Re: [PATCH RESEND] can: j1939: do not wait 250ms if the same addr was already claimed

From: Oleksij Rempel
Date: Thu Nov 24 2022 - 00:17:08 EST


On Wed, Nov 23, 2022 at 09:39:06PM +0100, Devid Antonio Filoni wrote:
> On Mon, 2022-11-21 at 06:19 +0100, Oleksij Rempel wrote:
> > On Sun, Nov 20, 2022 at 08:18:32PM +0100, Devid Antonio Filoni wrote:
> > > On Sun, 2022-11-20 at 09:45 +0100, Oleksij Rempel wrote:
> > > > On Sun, Nov 20, 2022 at 01:11:52AM +0100, Devid Antonio Filoni wrote:
> > > > > On Sat, 2022-11-19 at 11:12 +0100, Oleksij Rempel wrote:
> > > > > > On Fri, Nov 18, 2022 at 04:12:40PM +0100, Devid Antonio Filoni wrote:
> > > > > > > Hi Oleksij,
> > > > > > >
> > > > > > > honestly I would apply proposed patch because it is the easier solution
> > > > > > > and makes the driver compliant with the standard for the following
> > > > > > > reasons:
> > > > > > > - on the first claim, the kernel will wait 250 ms as stated by the
> > > > > > > standard
> > > > > > > + on successive claims with the same name, the kernel will not wait
> > > > > > > 250ms, this implies:
> > > > > > > - it will not wait after sending the address-claimed message when the
> > > > > > > claimed address has been spoofed, but the standard does not explicitly
> > > > > > > states what to do in this case (see previous emails in this thread), so
> > > > > > > it would be up to the application developer to decide how to manage the
> > > > > > > conflict
> > > > > > > - it will not wait after sending the address-claimed message when a
> > > > > > > request for address-claimed message has been received as stated by the
> > > > > > > standard
> > > > > >
> > > > > > Standard says:
> > > > > > 1. No CF _shall_ begin, or resume, transmission on the network until 250 ms
> > > > > > after it has successfully claimed an address (Figure 4).

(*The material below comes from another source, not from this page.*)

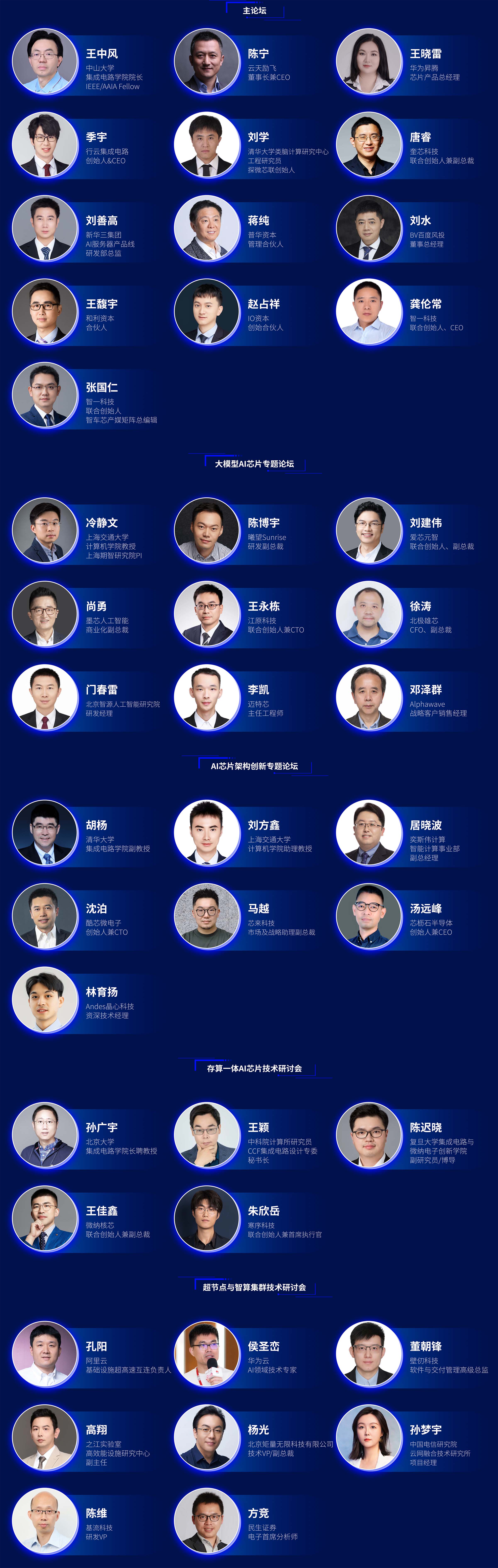 峰会为期一天,由一场主论坛,两场专题论坛和两个技术研讨会组成。其中,主论坛于上午在主会场+分会场一进行;大模型AI芯片专题论坛在主会场下午进行;AI芯片架构创新专题论坛在分会场一下午进行。

> > > > > > 2. This does not apply when responding to a request for address claimed.
> > > > > >
> > > > > > With current patch state: 1. is implemented and working as expected, 2.
> > > > > > is not implemented.
> > > > > > With this patch: 1. is partially broken and 2. is partially faking
> > > > > > needed behavior.
> > > > > >
> > > > > > It will not wait if remote ECU which rebooted for some reasons. With this patch
> > > > > > we are breaking one case of the standard in favor to fake compatibility to the
> > > > > > other case. We should avoid waiting only based on presence of RfAC not based
> > > > > > on the old_addr == new_addr.
> > > > >
> > > > > I'm sorry, I don't think I understood the point about reboot ("It will
> > > > > not wait if remote ECU which rebooted for some reasons"). If another ECU
> > > > > rebooted, then *it* will have to perform the claim procedure again
> > > > > waiting 250 ms before beginning the transmission. Your ECU doesn't have
> > > > > to check if the other ECUs respected the 250 ms wait.
> > > >
> > > > With proposed patch:
> > > > - local application which is sending to the remote NAME, will start or continue
> > > > communication with ECU which should stay silent.
> > >
> > > And this is not forbidden by the standard, the standard states that the
> > > remote ECU shall not start or continue the communication but it can
> > > *receive* messages.
> > > For example, what would you do if:
> > > - during the 250 ms wait, another ECU sends a request-for-address-
> > > claimed message meant to the address you're claiming?
> > > From "4.5.3 Other requirements for initialization":
> > > A CF shall respond to a request-for-address-claimed message when the
> > > destination address is the same as the CF's address and shall transmit
> > > its response to the Global address (255).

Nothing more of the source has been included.